Traders work on the floor at the New York Stock Exchange.
Brendan McDermid | Reuters
The so-called “Santa Claus rally” is already upon us, according to Tom Lee, Fundstrat Global Advisors’ head of research.
The Dow Jones Industrial Average hit another new record on Thursday, bringing its gain for the year to 18%. Improving economic data and solid earnings have prompted the analyst to raise his year-end target for the S&P 500 to 3,185, a roughly 3% gain from here.
“We are in the final eight weeks of 2019, and roughly the start of the Santa Claus rally,” Lee said in a note to clients on Thursday. “This effect is very strong in last 20 years.”
Since 1998, when the S&P 500 is up more than 9.5% through the end of first week of November, the market has seen a 4% further pop on average, according to Fundstrat. This has happened 10 out of 10 times in the past 20 years, with the S&P 500 rising the last eight weeks to an average of 3,212, the firm said.
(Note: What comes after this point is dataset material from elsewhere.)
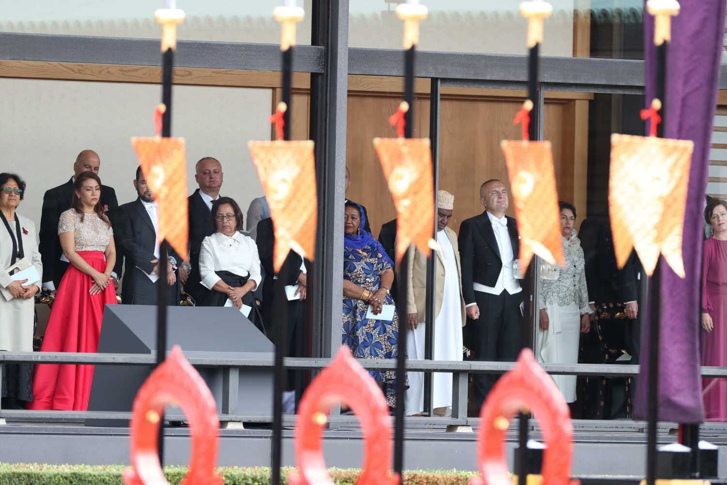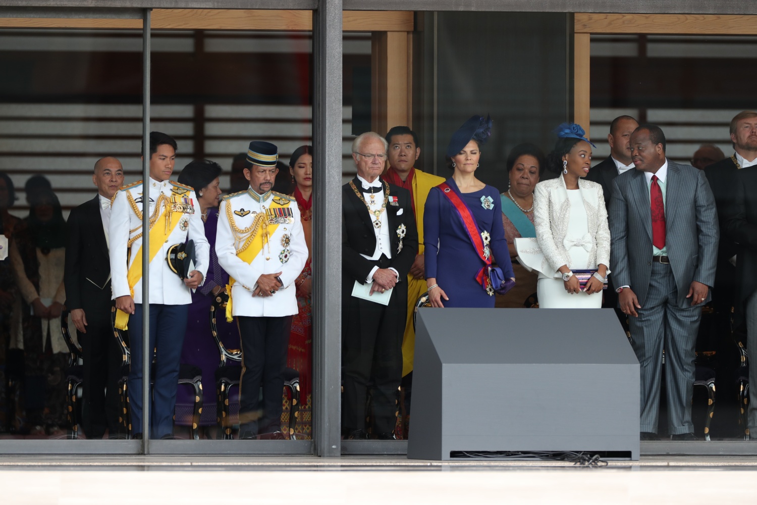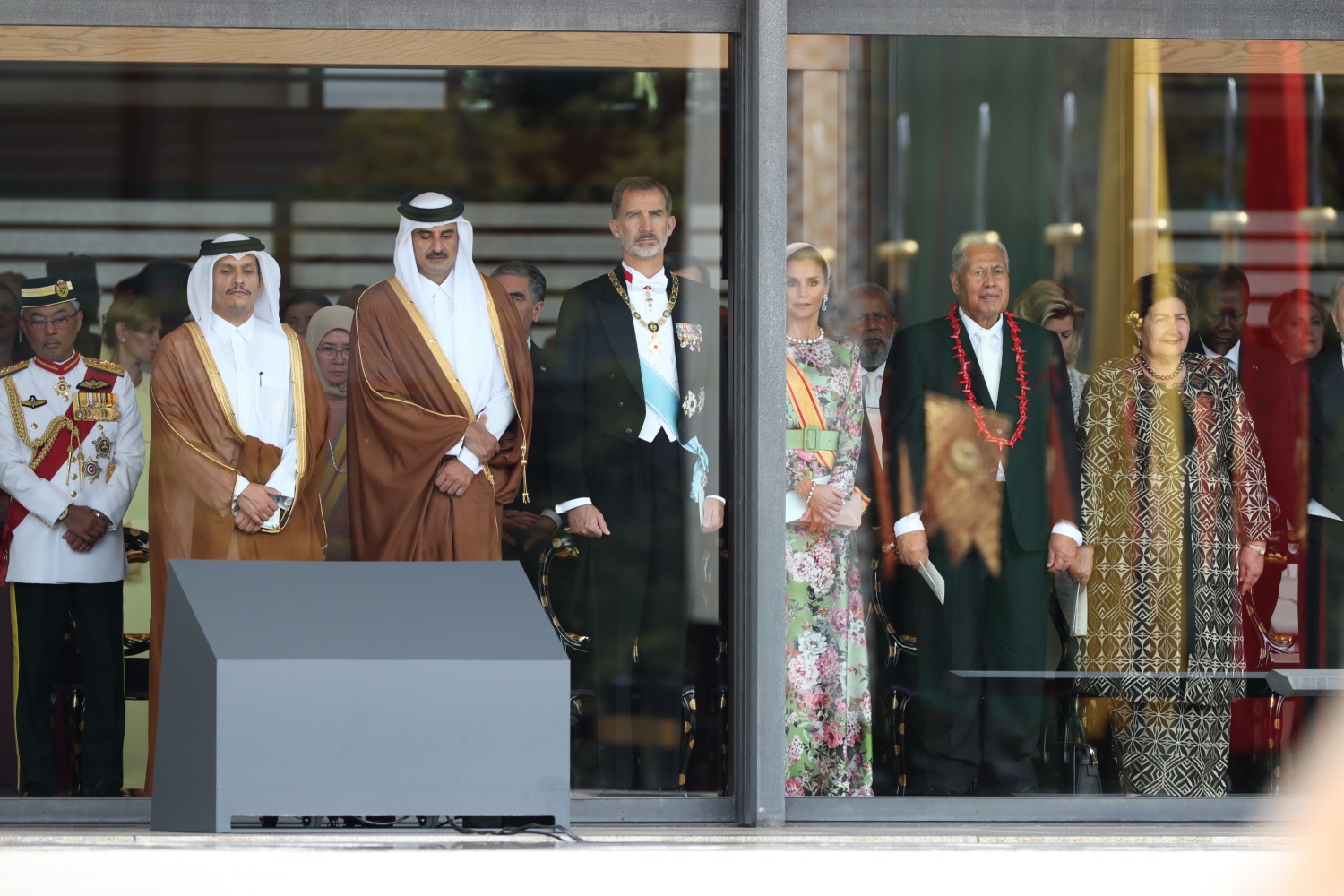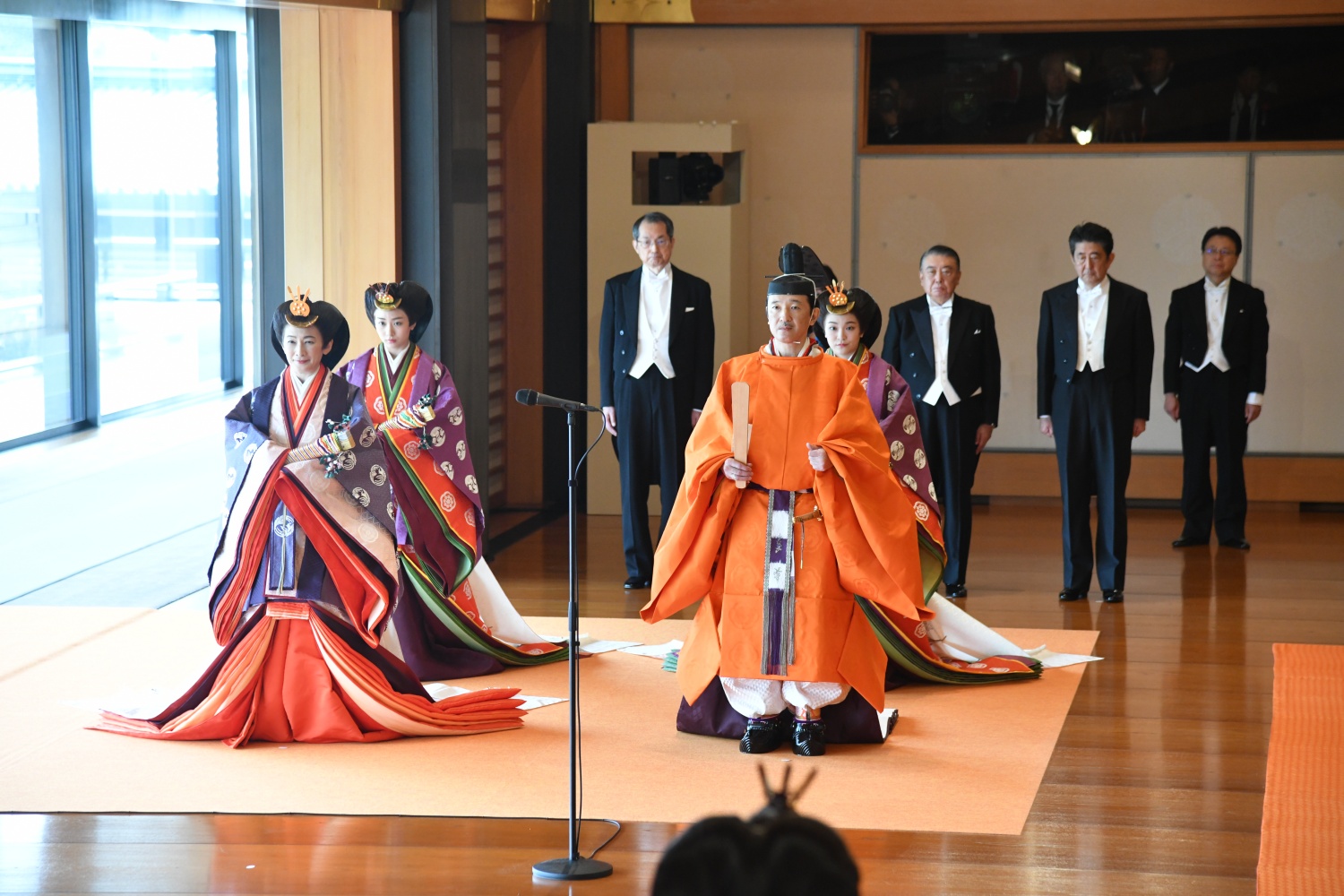 Dimineața devreme, Împăratul Naruhito a vizitat trei sanctuare, din cadrul Palatului, apoi a venit în Sala Tronului, unde era așteptat de familia imperială și de oaspeti veniti din toate colturile lumii.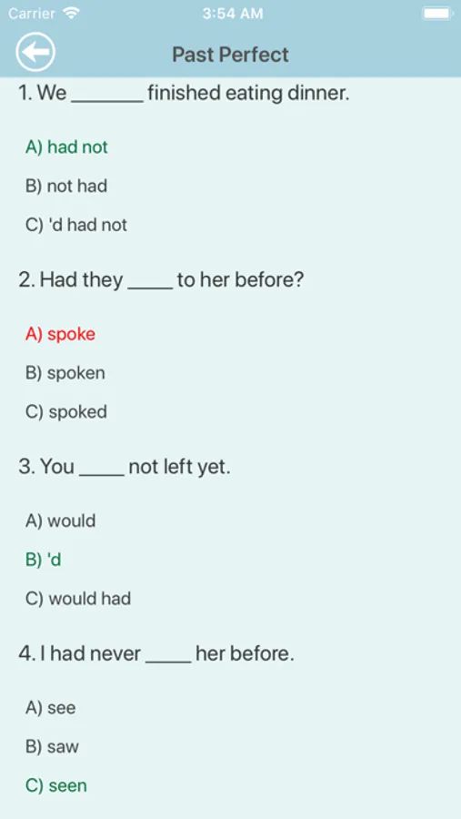 Find out and improve your information answering the questions and learn new knowledge about english grammar tenses by this app.

The S&P 500 has rallied more than 23% this year. So if history is any guide, the benchmark has a 4.3% upside into the year-end, Lee said.
Better-than-expected economic data gave stocks a boost this quarter. A gauge for U.S. services activities topped expectations for October, while the labor market remains solid as jobs creation easily beat estimate last month.
The U.S.-China trade war that roiled markets in the past year and a half has also eased with the two sides work to ink a “phase one” trade deal. The both sides have agreed to simultaneously cancel some existing tariffs one another’s goods, strengthening the hopes for a resolution on trade between the world’s two largest economies.
The definition of the Santa Claus rally varies on Wall Street. The Stock Trader’s Almanac said the rally begins in the last week of December through the first two trading days in January. The S&P 500 has eked out a 1.3% gain on average since 1969, it said.